International Journal of World Policy and Development Studies

Online ISSN: 2415-2331
Print ISSN: 2415-5241

Quarterly Published (4 Issues Per Year)


Volume 2 Number 12 December 2016

Can OPEC Cartel Reverse Crude Oil Price Downfall?

Authors: Ibrahim A. Onour
Pages: 90-93
This paper employs time varying coefficient approach to assess sensitivity of crude oil price change to a number of factors among which change in OPEC crude production and change in US oil production. Our finding indicate crude oil price is inelastic to OPEC production change, with elasticity varying between 0.09 and 0.13, but elastic to US oil production change with elasticity between 0.99 and 1.05. This imply on average crude oil price is about 8 times more responsive to US supply expansion than to OPEC supply decisions.
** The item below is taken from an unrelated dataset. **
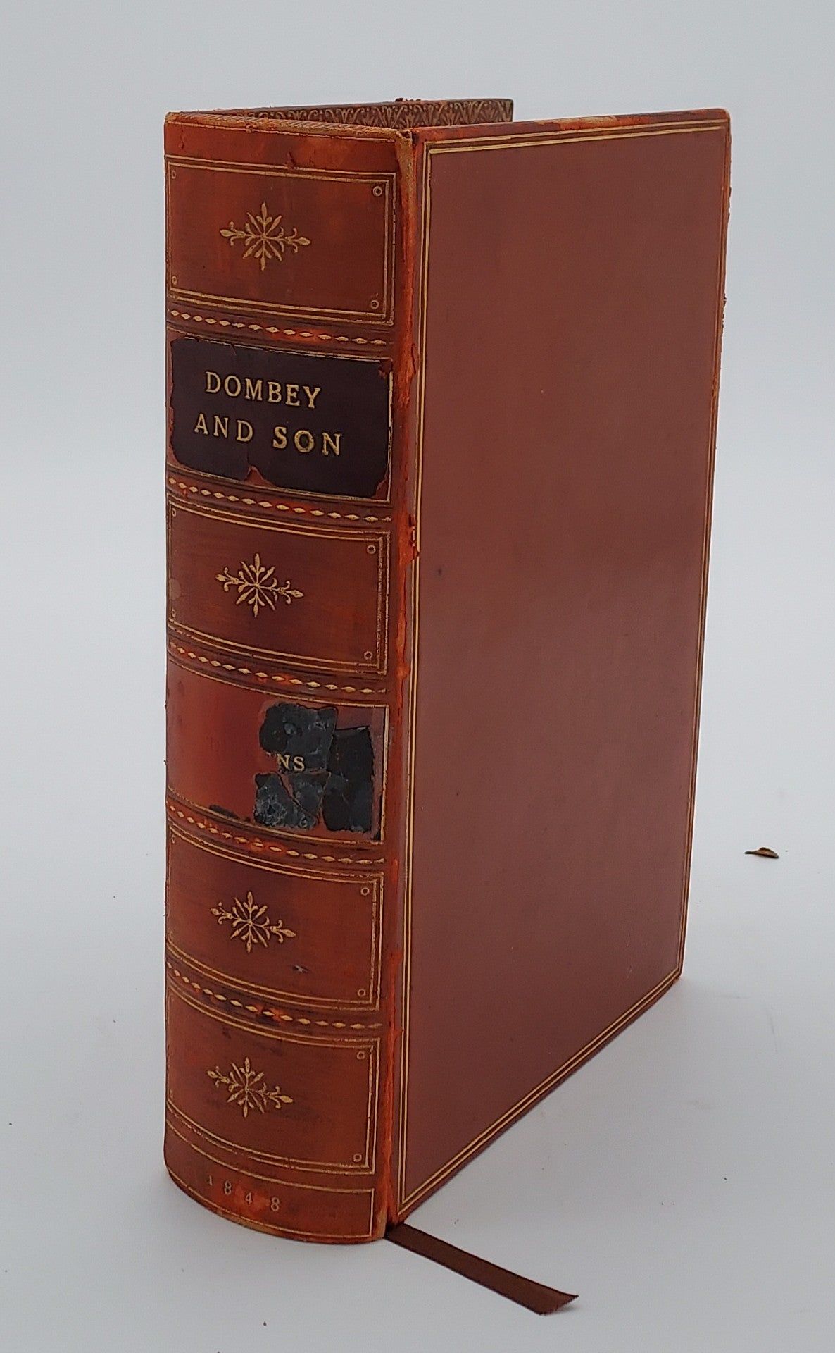 London: Bradbury & Evans, 1848. First edition in book form, early issue. Leather Bound. Very Good. H. K. Browne. 624pp. Octavo [21.5 cm] Bound in a contemporary Bayntun binding of full brown leather, with gilt stamped ornamental designs on the spine, the publication date at the foot of the spine, and double gilt-ruled borders on the covers. All edges gilt. Turn-ins gilt. Two brown silk ribbon page-markers. With the frontispiece and engraved half title and 38 plates by Halbot Knight Browne ("Phiz"). Extra-illustrated with twelve illustrated plates depicting the leading characters. No Errata. Second spine label mostly perished. Light rubbing to the extremities. Barely visible numerical notation on the front free endpaper. Faint contemporary ownership marking at the head of the title page. Paper repairs to pp. 113/14 and repair to fore-edge margin of p. 127/28. The following was noted during collation: "Captain Cuttle consoles his Friend" is facing p. 86 rather than p. 87. "Poor Paul's Friend" is facing p. 178 rather than p. 179. "Solemn Reference is made to Mr. Bunsby" is facing p. 239 rather than p. 238. "On Arrival" faces p. 564, not p. 565. Dark plate at p. 547 (the first published example of a dark plate). Smith 8. Eckel, p. 74-76. Collins (extract from the third volume of The New Cambridge Bibliography of English Literature), pp. 798/99.

As a result, OPEC producers have a limited impact on oil price reversal but the withdrawal of the US high cost shale technology producers from crude oil production at low price levels can be more effective driver of oil price rises in the future. Such low level sensitivity of oil price to change in OPEC supply imply, other things remain unchanged, for oil price to rise from the current $45 per barrel to $70 per barrel, OPEC cartel needs to cut its current daily production of 27 million barrels by 8 percent.